DM's platform agnosticism allows heterogeneous operation with different processing engines and different POSIX-compliant operating systems. To date, DM technology has been demonstrated with PowerPC 970, 750FX, 7447A, 7455 & 603e and Intel/AMD x86 single core processing engines, and with PA Semiconductor PA6T-1682M and Freescale 8641D dual core processing engines. The DM project is researching the extension of DM software to the Broad Reach Engineering BRE440 processor, the Tilera Tile64/MAESTRO, and other multi/many-core architectures such as the IBM Cell. The poster will discuss the results of these investigations, efforts toward diversity and heterogeneity and additional demonstrations of DM heterogeneous operation.

## References

- [1] Samson, John, Jr., and E. Grobelny., "NMP ST8 Dependable Multiprocessor: TRL6 Validation - Preliminary Results," *Proceedings of the 2009 IEEE Aerospace Conference*, Big Sky, MT, March 8-13, 2009.

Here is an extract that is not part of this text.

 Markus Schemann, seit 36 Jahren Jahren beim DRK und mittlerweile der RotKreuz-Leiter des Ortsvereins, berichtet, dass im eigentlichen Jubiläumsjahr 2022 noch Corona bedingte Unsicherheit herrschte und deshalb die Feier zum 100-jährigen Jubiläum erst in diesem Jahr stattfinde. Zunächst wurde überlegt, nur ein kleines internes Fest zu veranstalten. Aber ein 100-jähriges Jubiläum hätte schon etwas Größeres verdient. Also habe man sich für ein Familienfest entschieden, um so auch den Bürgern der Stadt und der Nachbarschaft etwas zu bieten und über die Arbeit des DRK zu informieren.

- [2] Samson, Jr. John R., et. al., "NMP ST8 High Performance Dependable Multiprocessor," 12th High Performance Embedded Computing Workshop, M.I.T. Lincoln Laboratory, September 23 - 26, 2008.
- [3] Samson, Jr. John R., et. al., "NMP ST8 High Performance Dependable Multiprocessor," 11th High Performance Embedded Computing Workshop, M.I.T. Lincoln Laboratory, September 18, 2007.
- [4] Samson, John, Jr., et. al., "Technology Validation: NMP ST8 Dependable Multiprocessor Project II," *Proceedings* of the 2007 IEEE Aerospace Conference, Big Sky, MT, March 3-10, 2007.
- [5] Samson, John, Jr., et. al., "High Performance Dependable Multiprocessor II," *Proceedings of the 2007 IEEE Aerospace Conference*, Big Sky, MT, March 3-10, 2007.
- [6] Samson, Jr. John R., et. al., "NMP ST8 High Performance Dependable Multiprocessor," 10th High Performance Embedded Computing Workshop, M.I.T. Lincoln Laboratory, September 20, 2006.
- [7] Samson, Jr. John R., J. Ramos, A. George, M. Patel, and R. Some, "Environmentally-Adaptive Fault Tolerant Computing (EAFTC)," 9th High Performance Embedded Computing Workshop, M.I.T. Lincoln Laboratory, September 22, 2005.